The data can be found in the file '`data/decissiontree.csv`'. It includes three columns, the first 2 comprising of the coordinates of the points, and the third one of the label.

#### 1. Import libraries and load the data

In [62]:
from sklearn.tree import DecisionTreeClassifier
from sklearn.metrics import accuracy_score
import pandas as pd
import numpy as np

data = np.asarray(pd.read_csv('data/decisiontree.csv', header=None))

#### 2. Assign the features to the variable X, and the labels to the variable y.

In [64]:
X = data[:,0:2]
y = data[:,2]

#### 3. Build a decission tree model
Create a decision tree classification model using scikit-learn's [DecisionTreeClassifier](http://scikit-learn.org/stable/modules/generated/sklearn.tree.DecisionTreeClassifier.html) and assign it to the variable `model`.

In [66]:
model = DecisionTreeClassifier()

#### 4. Fit the model to the data
We won't need to specify any of the hyperparameters, since the default ones will yield a model that perfectly classifies the training data. However, we can play with hyperparameters such as `max_depth` and `min_samples_leaf` to try to find the *simplest possible* model.

In [67]:
model.fit(X,y)

DecisionTreeClassifier(ccp_alpha=0.0, class_weight=None, criterion='gini',
                       max_depth=None, max_features=None, max_leaf_nodes=None,
                       min_impurity_decrease=0.0, min_impurity_split=None,
                       min_samples_leaf=1, min_samples_split=2,
                       min_weight_fraction_leaf=0.0, presort='deprecated',
                       random_state=None, splitter='best')

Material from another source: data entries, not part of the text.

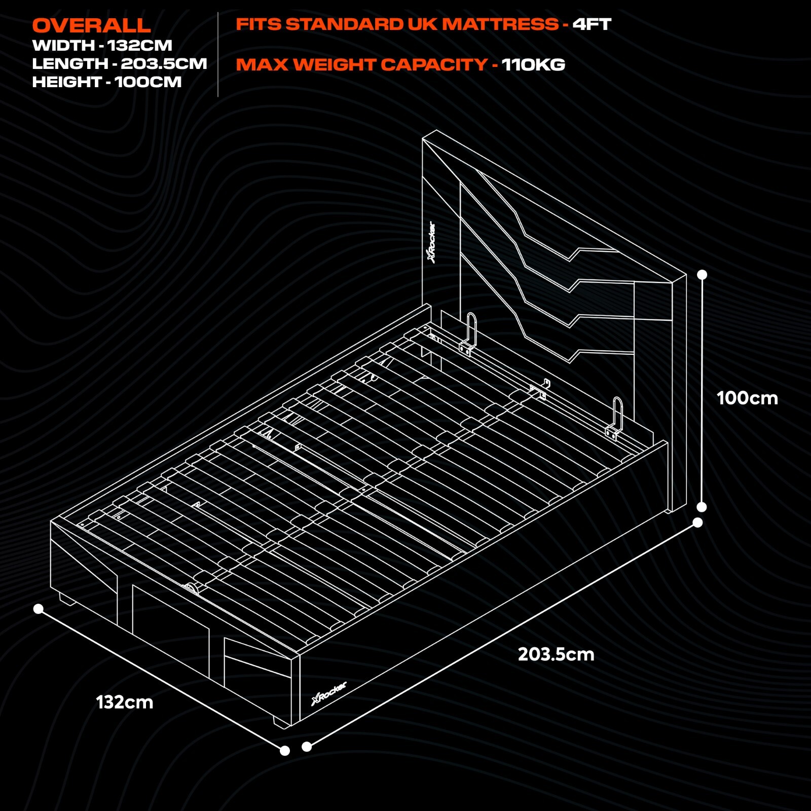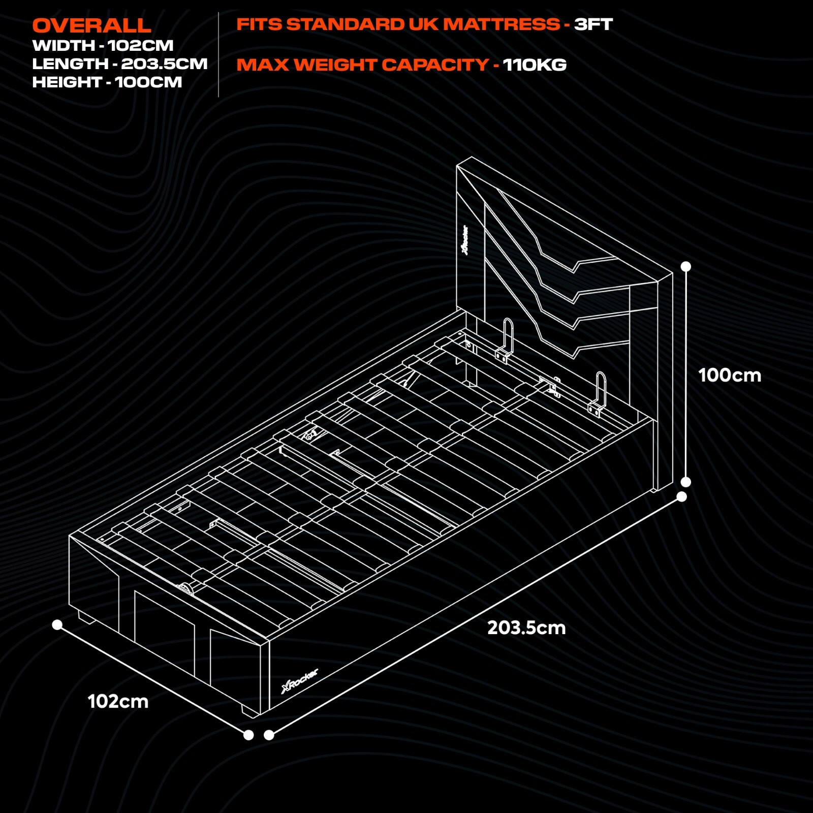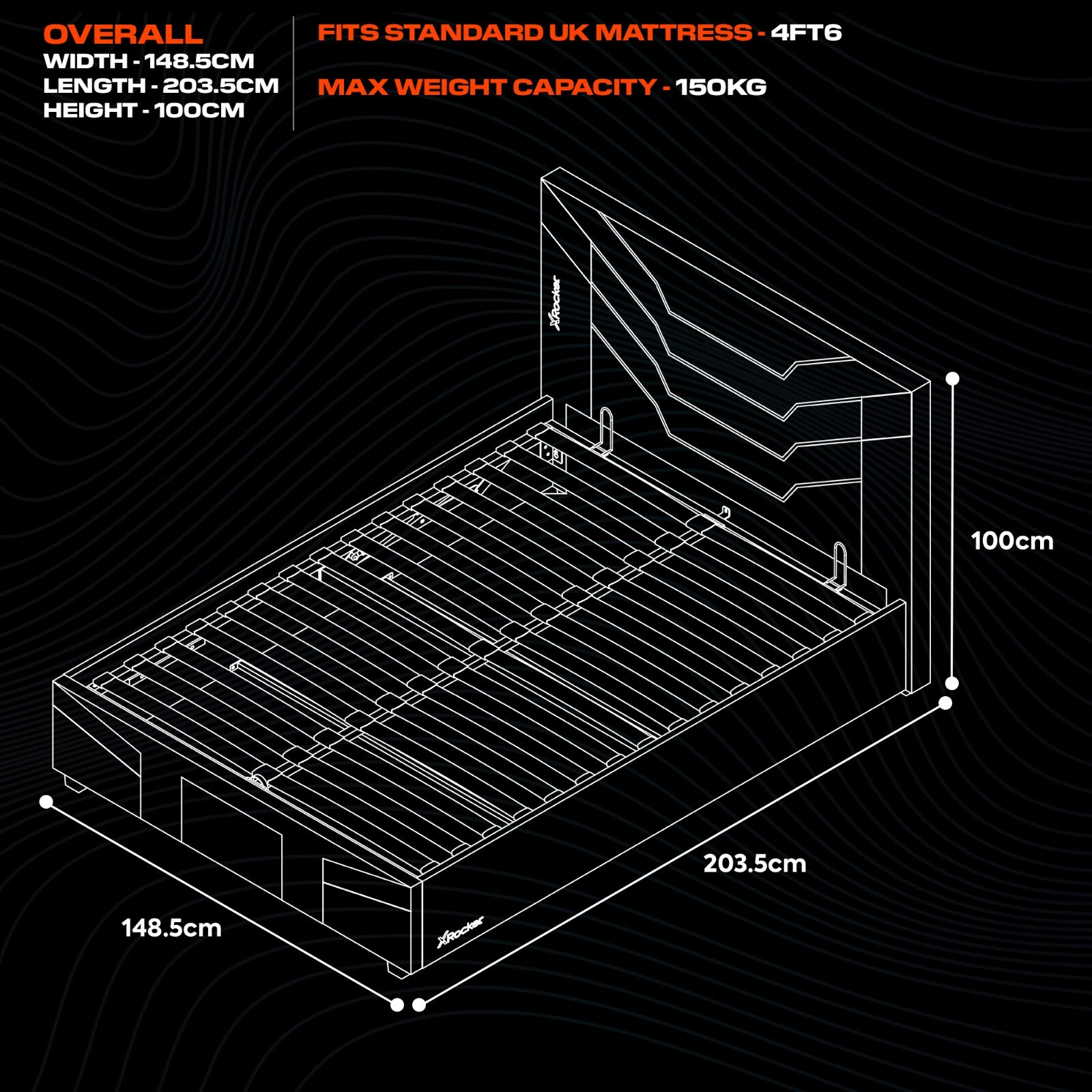 X ROCKER Cerberus MKII Ottoman Bed Frame Gaming Faux Leather 3ft 4ft 4ft6 BLUE
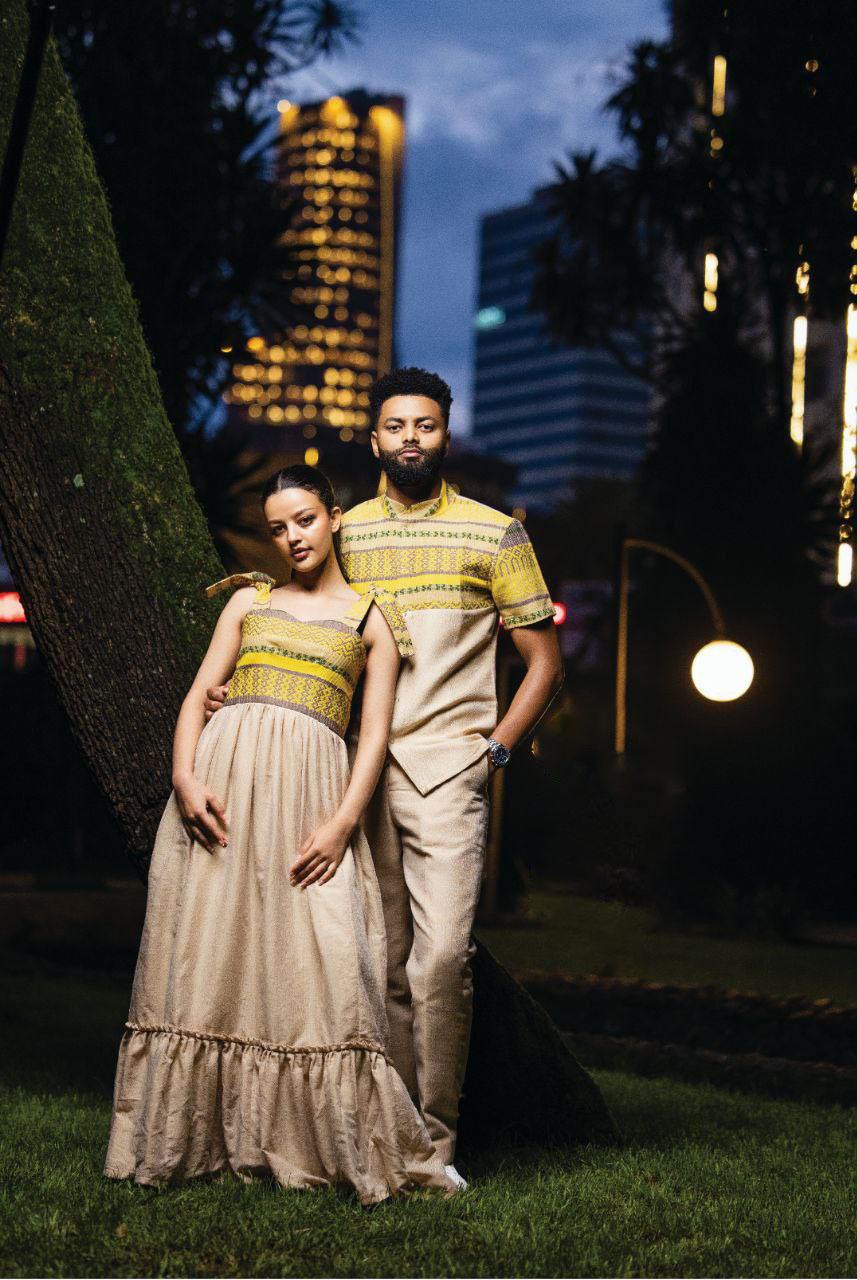 The image showcases a couple in stunning Habesha attire, beautifully illuminated against a nighttime city backdrop. The woman wears a graceful beige dress featuring a vibrant yellow embroidered bodice, creating a striking contrast and an elegant silhouette. The man complements her look with a matching beige shirt adorned with yellow accents, exuding a modern yet traditional charm. Their coordinated outfits celebrate the rich heritage of Habesha fashion while embracing contemporary design elements, making them stand out in the evening setting. The urban environment enhances the sophistication of their attire, blending culture with modernity.
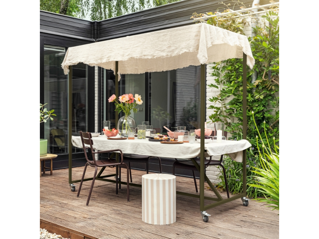 Jedinečný design zahradního stolu Heaven ozdobí jakoukoliv terasu nebo zahradu! Jeho deska je vyrobená z eukalyptového dřeva a nad sebou má ozdobný kovový rám v tmavě zeleném laku. Ten umožňuje jednoduché zavěšení světelného řetězu, rostlin nebo třeba připevnění textilie proti přímému slunci pro váš větší komfort. Stůl má navíc pojízdná kolečka s brzdami, která usnadňují jeho přemisťování. Jednoduchá konstrukce přímo vybízí vyzdobit ji podle vaší fantazie a aktuální sezóny. S jediným kouskem nábytku tak můžete mít několikrát do roka zcela nový zahradní koutek, kde se budete cítit příjemně.
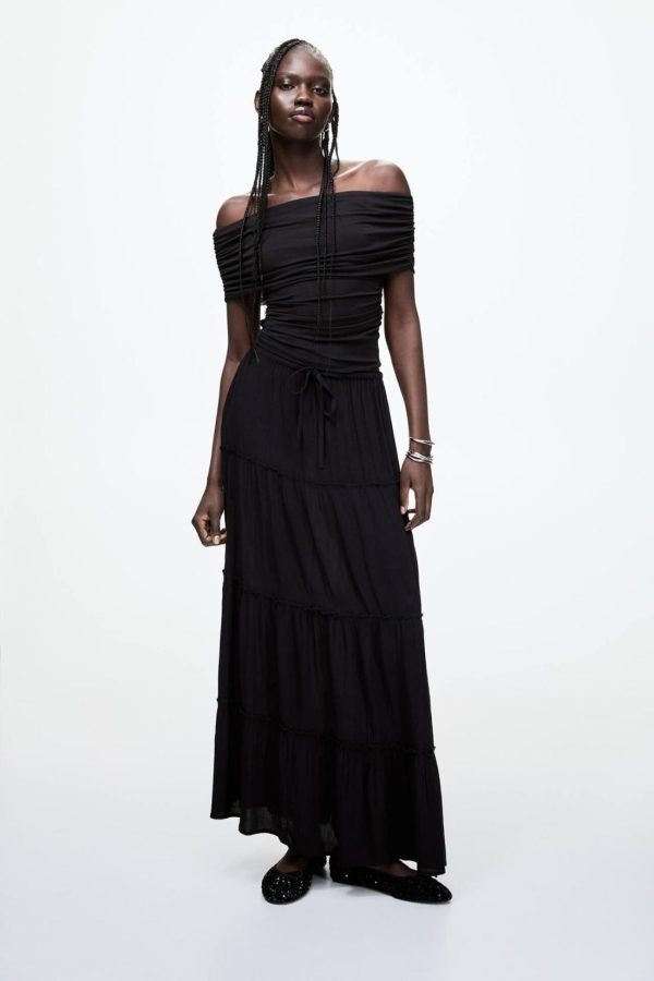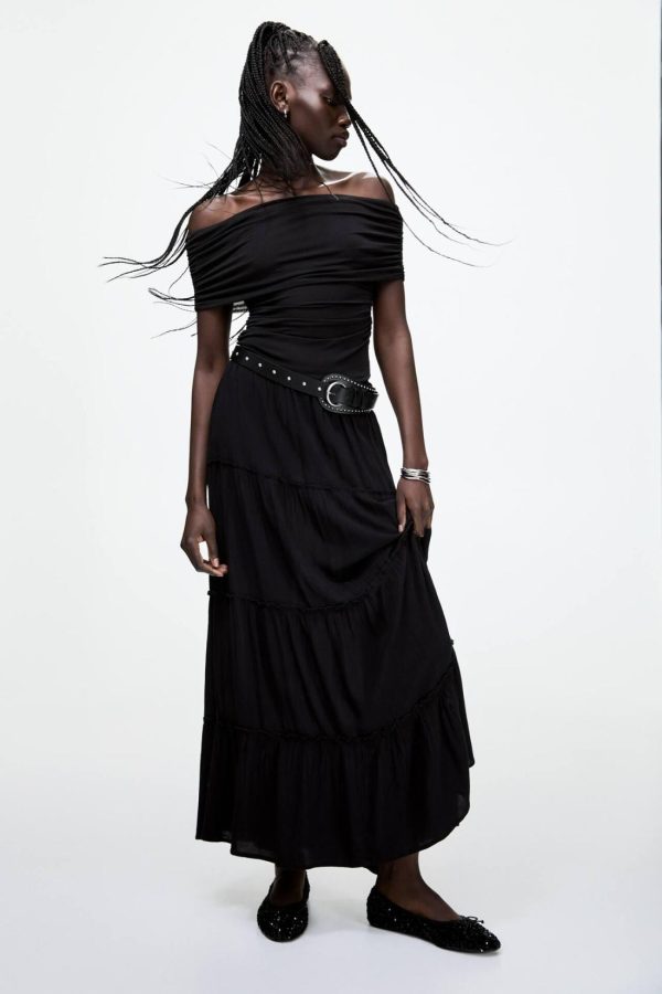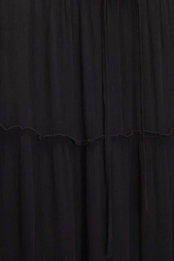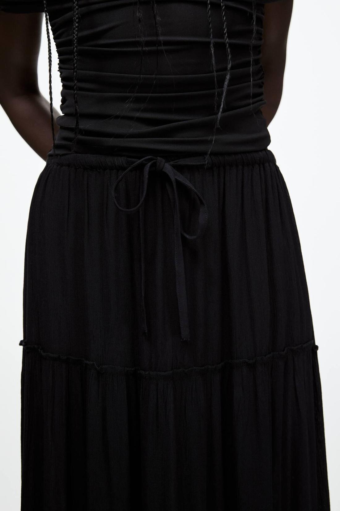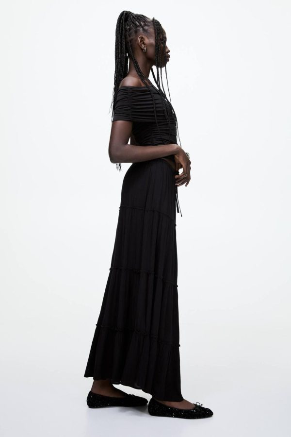 Rustic Midi Skirt With A Tiered Design And Elastic Waistband. Made Of Crepe Fabric.

#### 5. Predict using the model
Predict the labels for the training set, and assign this list to the variable `y_pred`.

In [69]:
y_pred = model.predict(X)
print(y_pred)

[0. 0. 0. 0. 0. 0. 0. 0. 0. 0. 0. 0. 0. 0. 0. 0. 0. 0. 0. 0. 0. 0. 0. 0.
 0. 0. 0. 0. 0. 0. 0. 0. 1. 1. 1. 1. 1. 1. 1. 1. 1. 1. 1. 1. 1. 1. 1. 1.
 1. 1. 1. 1. 1. 1. 1. 1. 1. 1. 1. 1. 1. 1. 1. 1. 1. 1. 1. 1. 1. 1. 1. 1.
 1. 1. 1. 1. 1. 1. 1. 1. 1. 1. 1. 1. 1. 1. 1. 1. 1. 1. 1. 1. 1. 1. 1. 1.]


##### 6. Calculate the accuracy of the model
For this, use the sklearn function [accuracy_score](http://scikit-learn.org/stable/modules/generated/sklearn.metrics.accuracy_score.html). A model's **accuracy** is the fraction of all data points that it correctly classified.

In [71]:
acc = accuracy_score(y, y_pred)
print(acc)

1.0


![unnamed.png](attachment:unnamed.png)

**_Note_**: This exercise requires you to find an accuracy of 100% on the training set. This is like memorizing the training data! A model designated to have 100% accuracy on training data is unlikely to generalize well to new data. If you pick very large values for your parameters, the model will fit the training set very well, but may not generalize well. Try to find the smallest possible parameters to do the job -then the model will be more likely to generalize well.